The NHS has agreed to review controversial guidelines that instruct nurses to ask the elderly whether they would agree to a ‘do not resuscitate’ order.

The Mail revealed yesterday how patients are being visited at home by nurses they have never met before, and asked sensitive questions. These include where they want to die, and if they want doctors to try to resuscitate them should their hearts stop.

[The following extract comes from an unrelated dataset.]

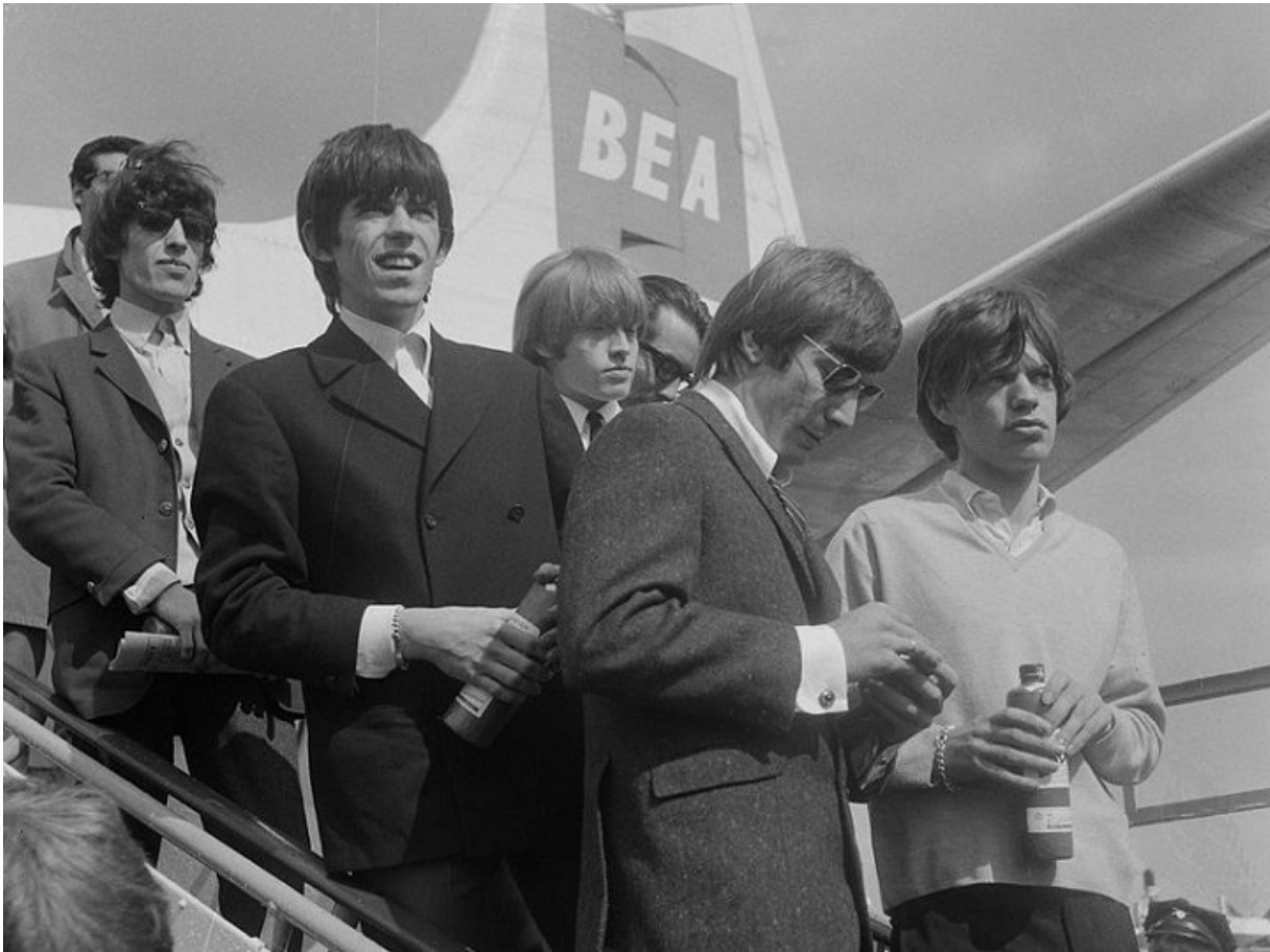
The Rolling Stones в аэропорту Амстердама, 1964

Трудно найти человека, даже далеко от рок-музыки, не слышавшего о The Beatles и The Rolling Stones. Ключевую роль в восхождении ливерпульской четверки к мировой славе сыграл потомок литовских и российских евреев Брайан Эпштейн. Этому человека даже называли «пятым битлом». Именно он разработал сценический имидж The Beatles, организовал запись их первого альбома и многочисленные гастроли. Если бы не смерть от передозировки снотворного в 32 года, Эпштейн открыл бы еще немало талантов.

Following criticism of the initiative, the NHS’s Chief Nursing Officer for England, Jane Cummings, said yesterday: ‘We will review the [questions] again, with patients and clinical staff, in the light of the poor experiences described in the media, and make any changes that are needed.’
District nurses have been sent to the homes of patients aged over 75 and those with long-term conditions armed with a form about their medication and care which includes the controversial questions. 
Health policy analyst Roy Lilley – who was at his mother’s house when the nurse visited – described the policy as ‘callous’ and called for it to be banned.‘People will be frightened to death thinking the district nurses know something they don’t and will feel obliged to sign the form so as not to be thought a nuisance,’ he said.

Mr Lilley, a respected health commentator and former chair of an NHS trust, was at his mother’s home earlier this week when a district nurse arrived 45 minutes late for a scheduled visit. 
She began going through the form with his mother and within ten minutes of first meeting her asked where she would like to die and if she had agreed to a DNR or Do Not Resuscitate order.
Interviewing people for the Death Lists has been proceeding for some time. GPs are being paid to find their one per cent.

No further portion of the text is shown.